Talking about periods with your daughter can be quite tricky. Making her understand her changing body is crucial and needs to be done in the right ways. Even if you are well-prepared, you might find that things can turn out different from the way you expected. Here are some things you can keep in mind while having a conversation to make the best out of a period-talk and help her be better-equipped for what's to come.
Often, either because of your own experiences or the taboo nature of the subject, talking about periods might seem awkward and make you anxious. However, your daughter will only feel comfortable discussing periods and accept it as a natural process of her growing up if you reflect the same attitude. So, be calm, composed and patient when you approach the subject.
Since menstruation is closely connected to biological phenomena like puberty, reproduction, and sexuality, it can be hard to decide just how much information is safe to give her, and when. Although this decision can vary depending on your intuition or your daughter's pace, it is generally a good idea to start with small conversations on puberty, hormones and the changing body as early as around age 6. Age 9 and upwards, you can touch upon periods, symptoms, general body positivity and the reproductive system. If you wish, you can leave out the specifics of sex and pregnancy and initiate them later, at around 11 or 12 years' age, but make sure you answer your daughter's questions adequately. More on the right time to have the talk is covered in detail, here.
Do what works for your daughter
Every child is bound to be different in personality, temperament, and liking. Know what makes her tick, and include that to make your conversation enjoyable instead of looking forced or boring. You could watch videos about it together while talking, read a menstruation-based book or comic, or use any other resource. You can also connect things she likes or already knows to the discussion. If your little girl gets restless or does not want to talk, you might want to consider a later time. Nothing is more important than her feeling at ease. You can also consider transforming the conversation into play, going on a walk, etc. Sometimes, treating yourselves to ice-cream, or visiting your happy places once you're done can make it a valuable experience.
Have many small conversations
Another very useful approach to period-talks is breaking it into multiple ongoing conversations instead of one “big talk”. This helps normalize menstruation, removes any awkwardness and also lets her know that she can approach you whenever she wishes to. You can pick simple, everyday moments to talk about it like when you spot a sanitary pad advertisement, when you are back from the parlor, or when she asks you a question. The last thing you want is for it to look staged, and this helps it be spontaneous.
Your tone plays a key role on how your daughter will identify with her body and menstruation. Be positive and yet, realistic. Validate her feelings. Tell her that it is normal to feel nervous, that it is natural and there's nothing to be worried about. Try to use specific words like 'vagina' and 'uterus' openly instead of being embarrassed or using slang phrases. Be scientific, but do not overwhelm her with terminologies. Most importantly, avoid calling it 'a curse' or emphasising how terrible it is. This can go a long way in your daughter being confident, positive and prepared.
Your daughter will raise many questions about periods. Answer them to her satisfaction. If you don't know the answer, be honest about it and get back to her with a response. Even better, you can find out answers together. If she asks a question that you think could wait till she's older, be warm and encourage her curiosity. Then, provide an answer to only what she asks in a simplified way, promising a better explanation later. Period-talks are a two-way street. Ask her questions about what she has already heard or experienced. Chances are that she has already picked up things from her peers or noticed changes in herself. Really listening to her will make her feel valued. This also opens up an opportunity to correct any wrong information she may have.

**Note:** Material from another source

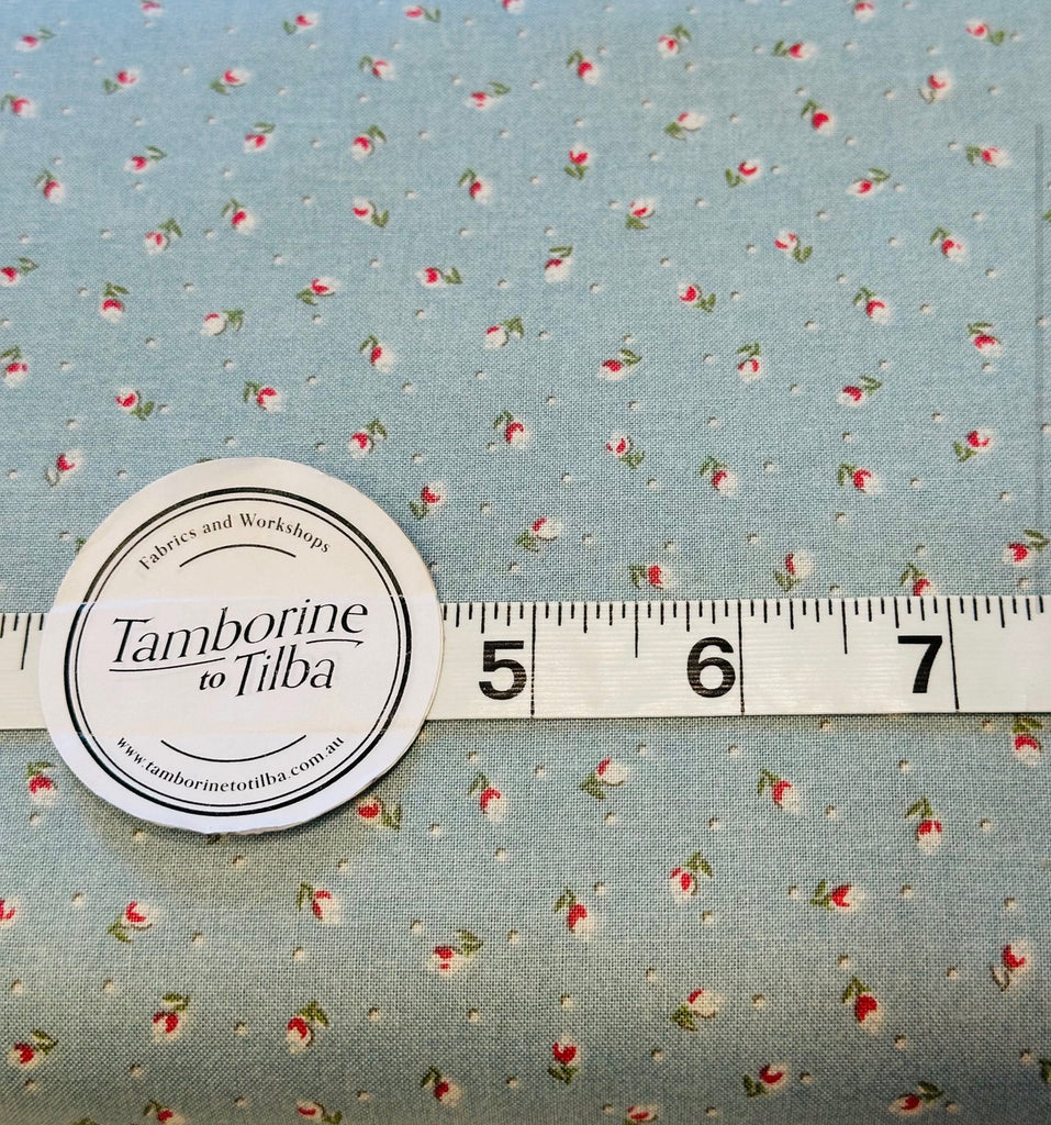 Fabric - Reproduction - (3235) Mansfield Park Powder Blue with Raspberry Detail
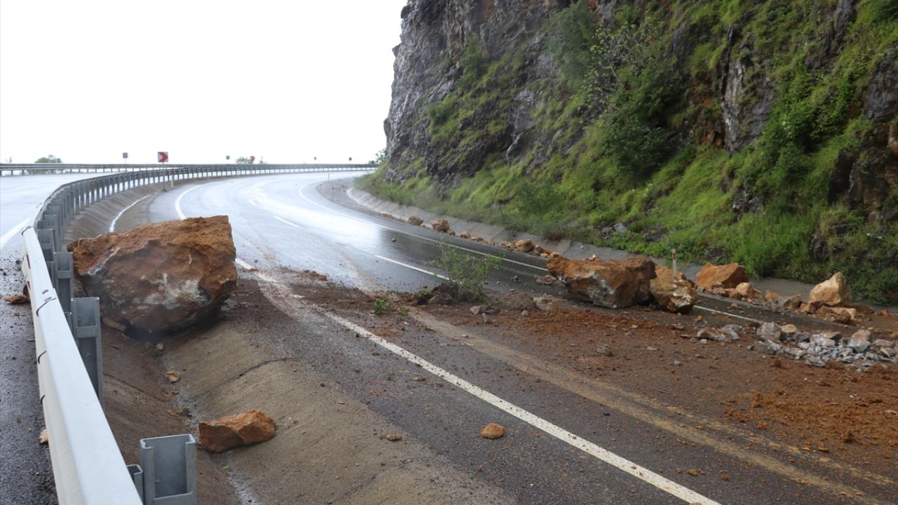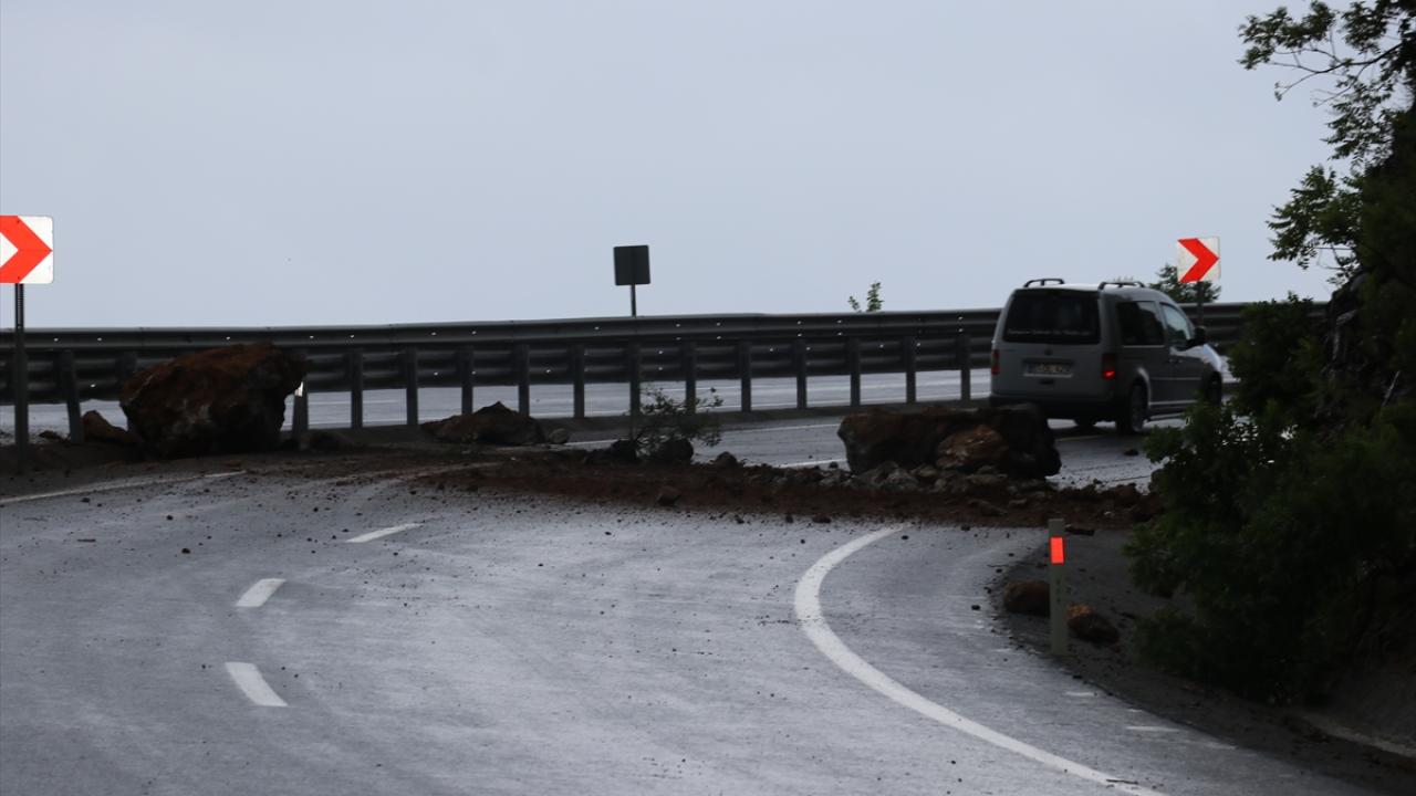 Güvenlik güçleri, büyük kaya ve ağaç parçalarının düştüğü yolu ulaşıma kapattı.

Connect to personal experiences and stories
You can try to spark conversations by relating them to your own life or those of relatives and friends. Say, “When I first got my period…”, or “This one time I forgot to take a pad to school…”. However, try to be light and positive about it. Even if you're talking of a particularly bad incident, be realistic, but do not scare her about it. Instead, tell her what you learned from those experiences and how she can be better prepared.
Cover health issues, hygiene and problems
Once she knows about menstruation fairly well, you can also touch upon topics covering choosing menstrual hygiene products, pre-menstrual syndrome, cramps and other likely experiences, managing a leak, staying hygienic, toxic shock syndrome, etc. This will help a better understanding and ensure that period-talk is not a one time deal.